== Segment start ==

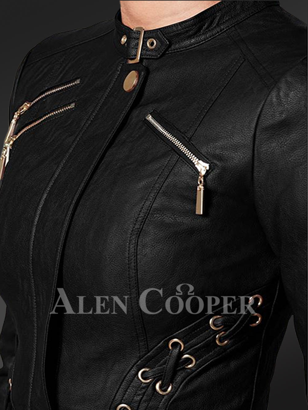 Alen Cooper presents one of its classic designs under the winter wear category – the Crop Leather Motorcycle Jacket for women. With its adaptive qualities, it is one such jacket that will thrive on both cold winter nights and sunny winter days. Its design and structure are ideally suited for all ladies of all body types and will rather enhance the feminine appeal. The product’s design is reminiscent of a motorcycle jacket.
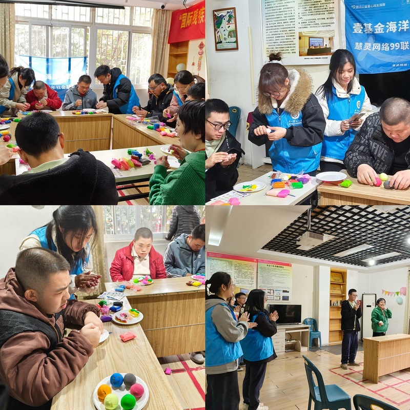 活动中,志愿者们精心策划了趣味性与互动性兼备的环节。在热身环节,“眼疾手快”游戏迅速点燃现场热情,参与者们反应敏捷、默契配合,抢杯子、拍手掌的欢快节奏此起彼伏,简单的互动拉近了彼此距离,笑声如涟漪般荡漾在活动室的每个角落。在粘土手工制作环节,志愿者们悉心指导揉、捏、搓、压等基础技巧,与学员们围坐协作,共同创作出憨态可掬的小动物、色彩斑斓的花朵等作品。专注的指尖与学员们的欢笑交织,创意与温情悄然流淌,许多学员自豪地举起亲手完成的杰作展示。
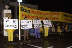 新西兰学员2005年6月21日夜晚在奥克兰中领馆前举行请愿活动,向公众揭露中共残酷迫害法轮功的事实真象,呼吁严惩虐杀大陆法轮功学员高蓉蓉的凶手。
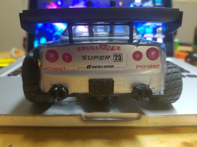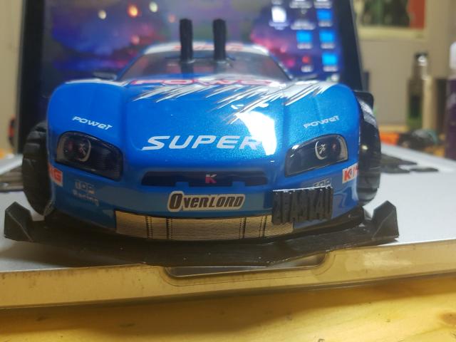 Added a front spliter as well as a rear diffuser, rear diffuser is glued in place with shoe goo, the front is not yet attached. I think im going to trim a bit off the front of the body, Its fairly low sitting and would like a few more mm's of ground clearance.
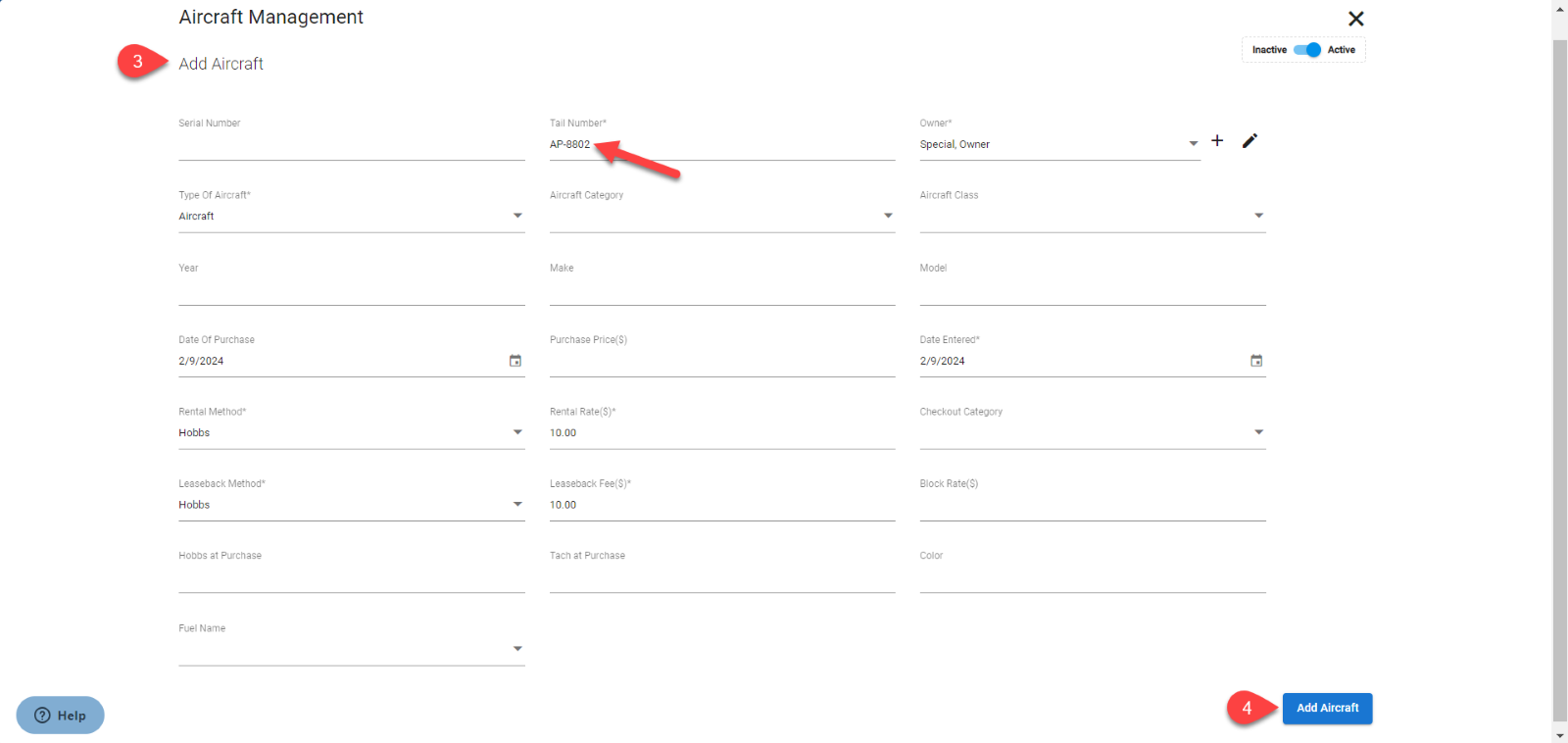 - Add Aircraft page will open on the screen. Fill up all the mandatory fields i.e. Tail number, Select the Owner, type of aircraft from Type of Aircraft dropdown list, enter the Rental Rate ($), select rental method from Rental Method drop down list, enter the leaseback fees ($), select the leaseback method from Leaseback Method drop down list.
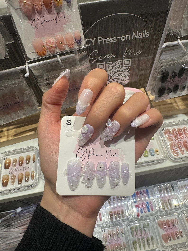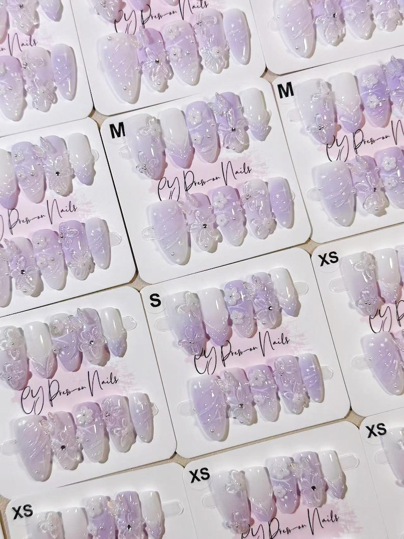 3D Spring Floral & Butterfly Nails | Medium Almond | Reusable Handmade Salon-Quality Press-Ons + Free Glue
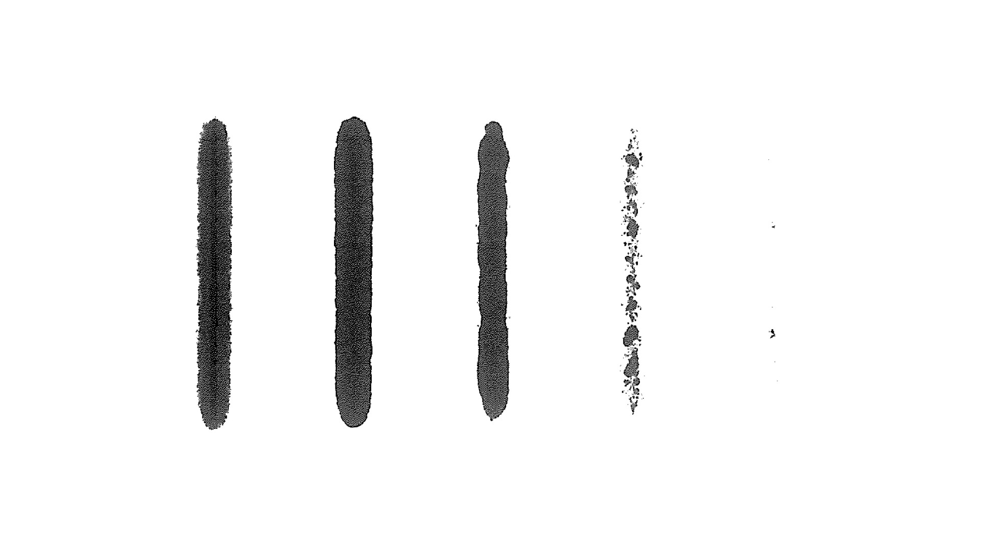 After using the axidraw machine to draw a singular line 600 times, the result at the first glance might not look like much, but reveals a deeper message when we flip through the stack of paper. The ink starts to spread over the first piece of paper, almost 5 times thicker than the initial line. Some tearing is present over the placement of the initial line, indicating the existence of friction. When we flipped through the stack of paper, we realised that it had bled through 5 pieces of paper, showing some sort of patterns on the 4th page, perhaps influenced by the texture of paper.

== Segment end ==

The problem> Would you retype exactly the lines running from the line that contains "新西兰学员2005年6月21" through the end of the listing above, both included? Skip every picture.

Solution to this exercise>
 新西兰学员2005年6月21日夜晚在奥克兰中领馆前举行请愿活动,向公众揭露中共残酷迫害法轮功的事实真象,呼吁严惩虐杀大陆法轮功学员高蓉蓉的凶手。
 Added a front spliter as well as a rear diffuser, rear diffuser is glued in place with shoe goo, the front is not yet attached. I think im going to trim a bit off the front of the body, Its fairly low sitting and would like a few more mm's of ground clearance.
 - Add Aircraft page will open on the screen. Fill up all the mandatory fields i.e. Tail number, Select the Owner, type of aircraft from Type of Aircraft dropdown list, enter the Rental Rate ($), select rental method from Rental Method drop down list, enter the leaseback fees ($), select the leaseback method from Leaseback Method drop down list.
 3D Spring Floral & Butterfly Nails | Medium Almond | Reusable Handmade Salon-Quality Press-Ons + Free Glue
 After using the axidraw machine to draw a singular line 600 times, the result at the first glance might not look like much, but reveals a deeper message when we flip through the stack of paper. The ink starts to spread over the first piece of paper, almost 5 times thicker than the initial line. Some tearing is present over the placement of the initial line, indicating the existence of friction. When we flipped through the stack of paper, we realised that it had bled through 5 pieces of paper, showing some sort of patterns on the 4th page, perhaps influenced by the texture of paper.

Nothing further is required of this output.